PROBLEM REQUIREMENTS
From the line with "Veelzijdige aansluitingen: Soundbar" through the last line of the records below, both ends included, transcribe only those lines, exactly, and omit the pictures.

[Stored records]
##########

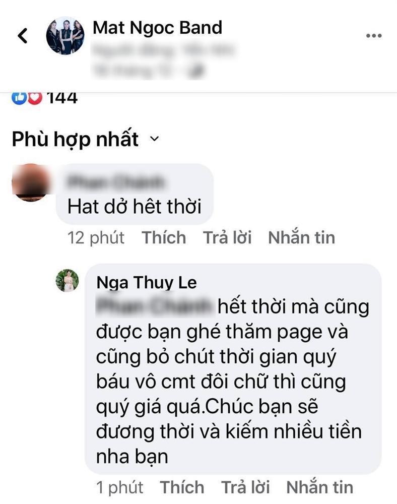 Ngay lập tức, trưởng nhóm Thúy Nga đáp trả: "Hết thời mà cũng được bạn ghé thăm page và cũng bỏ chút thời gian quý báu vào bình luận đôi chữ thì cũng quá quý giá. Chúc bạn sẽ đương thời và kiếm nhiều tiền nha".
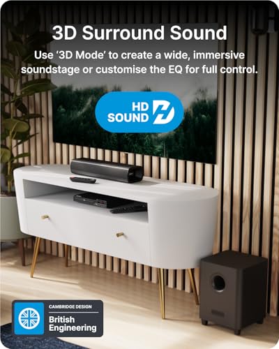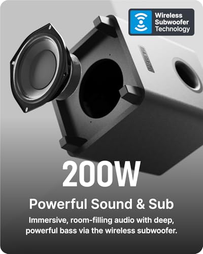 Veelzijdige aansluitingen: Soundbar 2.1, Soundbar Subwoofer: kies tussen AUX, optisch en USB om eenvoudig je television-soundbar aan te sluiten. Geniet van krachtige bassen met de draadloze subwoofer voor een thuisbioscoopervaring.
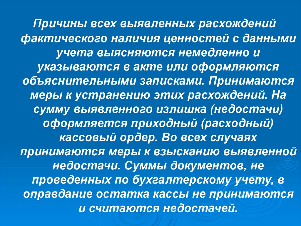 Причины всех выявленных расхожденийфактического наличия ценностей с данными
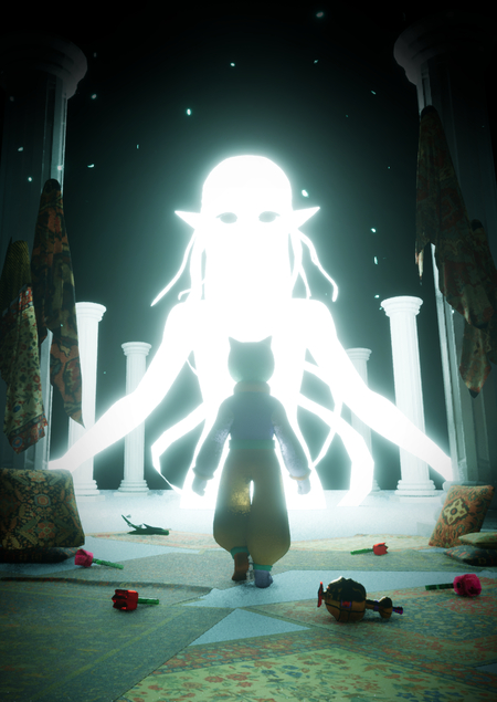 Прикоснувшись к статуе, вы откроете себе путь до ближайшей безделушки с помощью сил света.
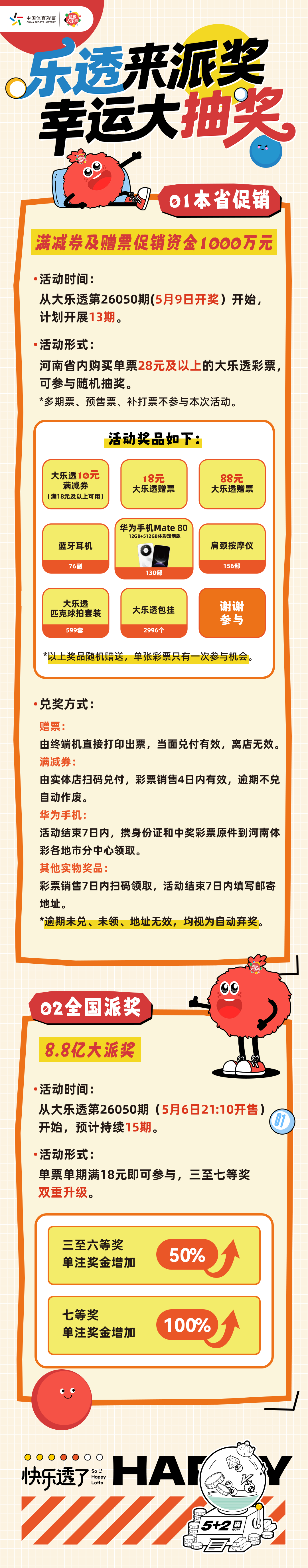 “乐透来派奖,幸运大抽奖”活动即将上线!1000万元满减券和赠票,更有华为手机等你来赢!
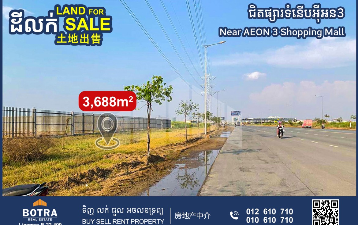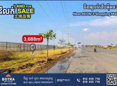 出售土地(靠近 AEON 3 )位于 Samdech Hun Sen 大道(60 米)
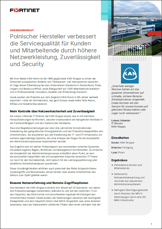 Als bei der KAN Group die IT- und OT-Umgebungen konvergiert wurden, nutzte man die Gelegenheit für umfassende Netzwerk- und Sicherheitsverbesserungen. Nach einer Marktbewertung implementierte das Unternehmen mit Fortinet Secure SD-WAN eine einheitliche Netzwerk- und Security-Infrastruktur. Das Ergebnis: mehr Effizienz mit umfassener Transparenz und Kontrolle, insbesondere über Niederlassungen und Remote-Anwender. Die Fortinet-Lösungen für Netzwerksicherheit, ortsunabhängiges Arbeiten (WFA) und Security Operations sind über die Fortinet Security Fabric konsolidiert. Management und Automatisierung sind so integiert – und alles wird durch externe Bedrohungsinformationen von den FortiGuard Labs geschützt.
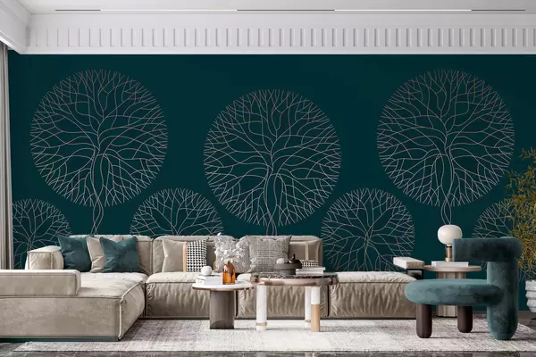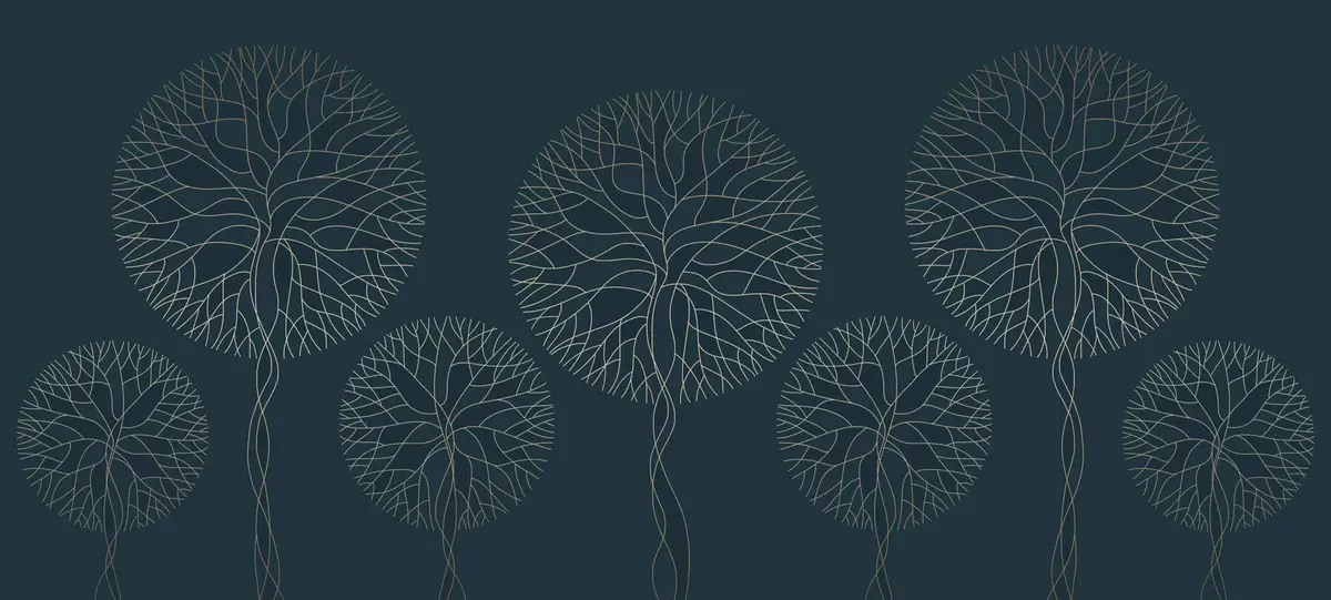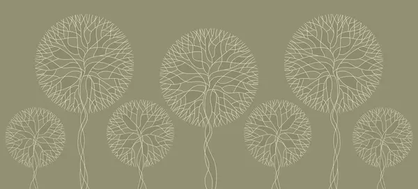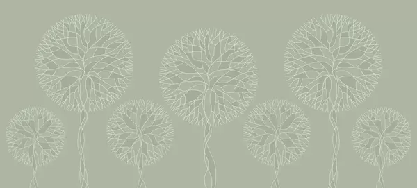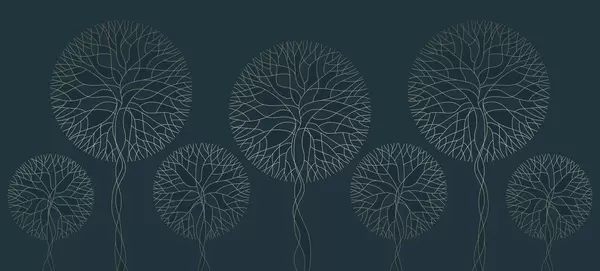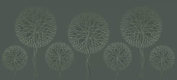 Fototapet Fantastiska linjära träd med frodiga kronor i eleganta mörka smaragdtoner Nr. w05213

##########

RESULT
 Veelzijdige aansluitingen: Soundbar 2.1, Soundbar Subwoofer: kies tussen AUX, optisch en USB om eenvoudig je television-soundbar aan te sluiten. Geniet van krachtige bassen met de draadloze subwoofer voor een thuisbioscoopervaring.
 Причины всех выявленных расхожденийфактического наличия ценностей с данными
 Прикоснувшись к статуе, вы откроете себе путь до ближайшей безделушки с помощью сил света.
 “乐透来派奖,幸运大抽奖”活动即将上线!1000万元满减券和赠票,更有华为手机等你来赢!
 出售土地(靠近 AEON 3 )位于 Samdech Hun Sen 大道(60 米)
 Als bei der KAN Group die IT- und OT-Umgebungen konvergiert wurden, nutzte man die Gelegenheit für umfassende Netzwerk- und Sicherheitsverbesserungen. Nach einer Marktbewertung implementierte das Unternehmen mit Fortinet Secure SD-WAN eine einheitliche Netzwerk- und Security-Infrastruktur. Das Ergebnis: mehr Effizienz mit umfassener Transparenz und Kontrolle, insbesondere über Niederlassungen und Remote-Anwender. Die Fortinet-Lösungen für Netzwerksicherheit, ortsunabhängiges Arbeiten (WFA) und Security Operations sind über die Fortinet Security Fabric konsolidiert. Management und Automatisierung sind so integiert – und alles wird durch externe Bedrohungsinformationen von den FortiGuard Labs geschützt.
 Fototapet Fantastiska linjära träd med frodiga kronor i eleganta mörka smaragdtoner Nr. w05213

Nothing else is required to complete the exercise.